An inner product is defined on $P_3$ such that $<f, g>$ $=$ $\int _{-1}^1\:f\left(t\right)g\left(t\right)dt$.
What is the orthogonal projection of $p(x)$ $=$ $x^3$ onto the subspace $S$ $=$ $\left\{f\:∈\:P_3\left|f\left(-1\right)=0\right|\:\right\}$?
For this subspace, I got the basis $\left\{x^3+1,\:x^2+x,\:x^3+x^2\right\}$.
So I got that $f_1\left(x\right)= x^3+1,\:f_2\left(x\right)\:=\:x^2+x,\:f_3\left(x\right)\:=\:x^3+x^2$.

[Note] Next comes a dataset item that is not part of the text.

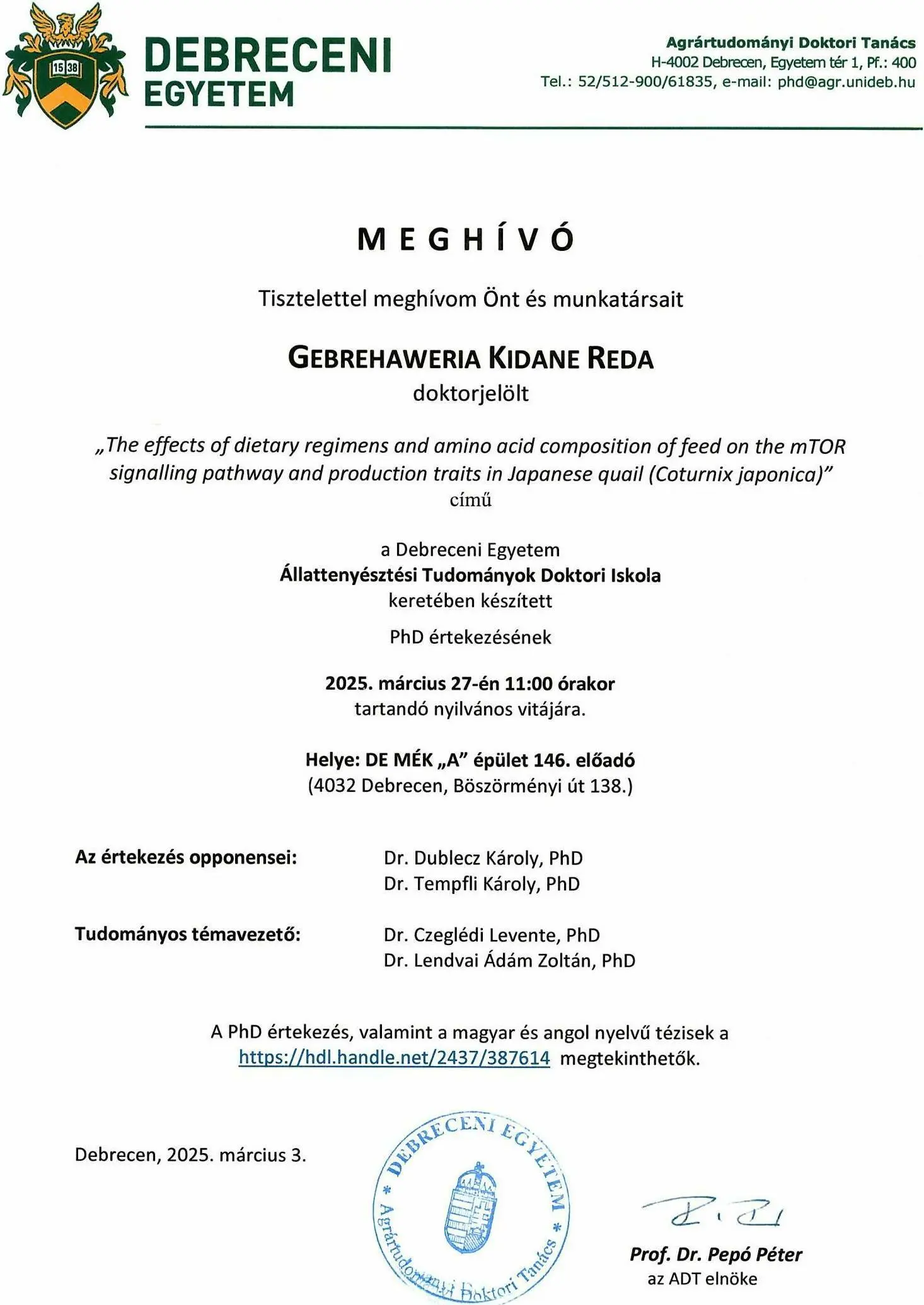 2025. 03. 27., cs – 11:00 Tisztelettel meghívom Önt és munkatársait GEBREHAWERIA KIDANE REDA nyilvános vitájára Legutóbbi frissítés: 2025. 03. 12. 10:47

I also got that $g_1\left(x\right)=f_1\left(x\right)=x^3+1$, $g_2\left(x\right)=f_2-\frac{<f_2,\:g_1>}{<g_1,\:g_1>}g_1$ and $g_3\left(x\right)=f_3-\frac{<f_3,\:g_1>}{<g_1,\:g_1>}g_1-\frac{<f_3,\:g_2>}{<g_2,\:g_2>}g_2$.
From this, I got that $g_2\left(x\right)=-\frac{7x^3}{15}+x^2+x-\frac{7}{15}$ and $g_3\left(x\right)=\frac{7}{8}x^3+\frac{3}{8}x^2-\frac{5}{8}x-\frac{1}{8}$.
Then I tried to calculate $\left\{\frac{g_1}{\left|g_1\right|},\:\frac{g_2}{\left|g_2\right|},\:\frac{g_3}{\left|g_3\right|}\right\}$. For this, I got $\left\{\frac{\sqrt{7}}{4}\left(x^3+1\right),\:\frac{15\sqrt{2}}{16}\left(-\frac{7x^3}{15}+x^2+x-\frac{7}{15}\right),\:\sqrt{15}\left(\frac{7}{8}x^3+\frac{3}{8}x^2-\frac{5}{8}x-\frac{1}{8}\right)\right\}$.
The formula for the orthogonal projection I then got was $<f,\:\frac{\sqrt{7}}{4}g_1>\frac{\sqrt{7}}{4}g_1+<f,\:\frac{15\sqrt{2}}{16}g_2>\frac{15\sqrt{2}}{16}g_2+<f,\:\sqrt{15}g_3>\sqrt{15}g_3$.
This gave me a final answer of $g\left(x\right)=-\frac{3}{32}x^3+\frac{15}{32}x^2+\frac{15}{32}x-\frac{3}{32}$.
But this entire process was very long so I feel that my general approach may not be the right one.
If someone can tell me if what I have done is correct or not, I would greatly appreciate it!